GPECOC

Genetic Programming based Error Correcting Output Codes

Acknowledgement

Windows 10 64 bit
python 2.7
Excel

Enable the macro in excel, so it can extract result from file automatically.
scikit-learn 0.18

Anaconda is strongly recommended, run the following command in the Powershell, all necessary python packages for this project will be installed:
```
conda install scikit-learn==0.18
```

Data format

Data should be put into the folder gpecoc/data. Each dataset should be divided into "dataname_train.data", "datanam_test.data" and "dataname_validation.data". In the sub-dataset, each column is a sample, the first line represents the labels, the rest are feature space. There are two examples datasets in the folder gpecoc/data. Please note that invalid sample, such as value missed, will cause errors.
Data processing

Feature Selection and Scaling will be done automatically.

Config

Firstly, make configuration in Configurations.py. In Multi-processing mode, you need not to pay attention to 'dataName' and 'aimFolder'.
Run the following command

It will traversal all datasets given by the main function in _ParallelRunner.py, each dataset will be run for 10 times.
```
python _ParallelRunner.py
```
Analyze result

All result infos will be written into the folder. For example, if you set version = "8.80", result infos will be found in ($root_path)/Results/8.80/

This is useful when you want to debug.

Config

Make configuration in Configurations.py. In Single-processing mode, 'dataName' and 'aimFolder' should also be set.
Run the following command

It will do training and testing on the dataset given in the Configurations.py.
```
python AGpEcocStart.py
```
Parse and analyze result

In this Mode, part of the result will be printed on the terminal. You can find all result in the Results folder. But, there will be no automatic analyzing.

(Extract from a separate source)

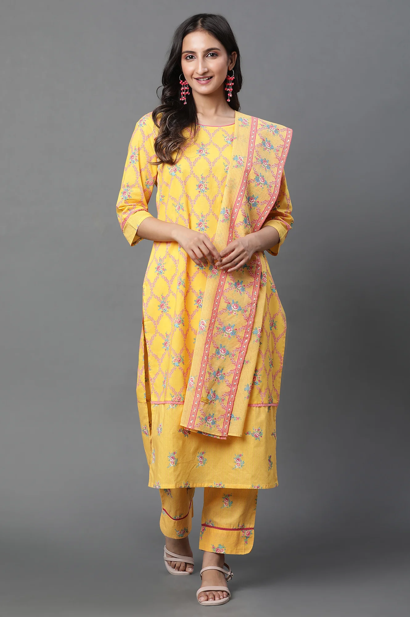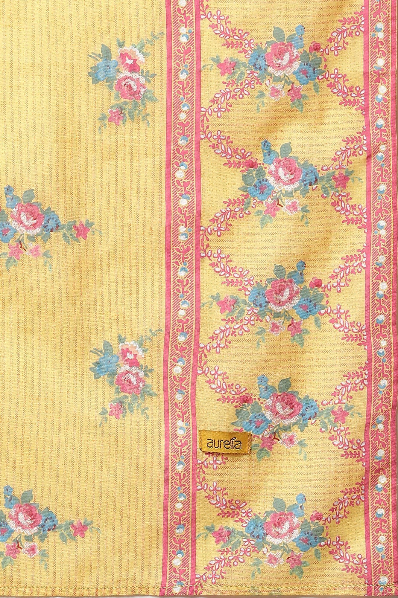 Yellow Floral Printed Cotton Dupatta

Make sure the version folder is not exit every time you run it. Or errors will happen in the following way:

In Single-processing Mode, the result in the terminal is right, but the result written ino the file might be wrong.
In Multi-processing Mode, the result could not be read and parsed correctly.

A suggestion is to change the 'version' in the Configurations.py every time you run it.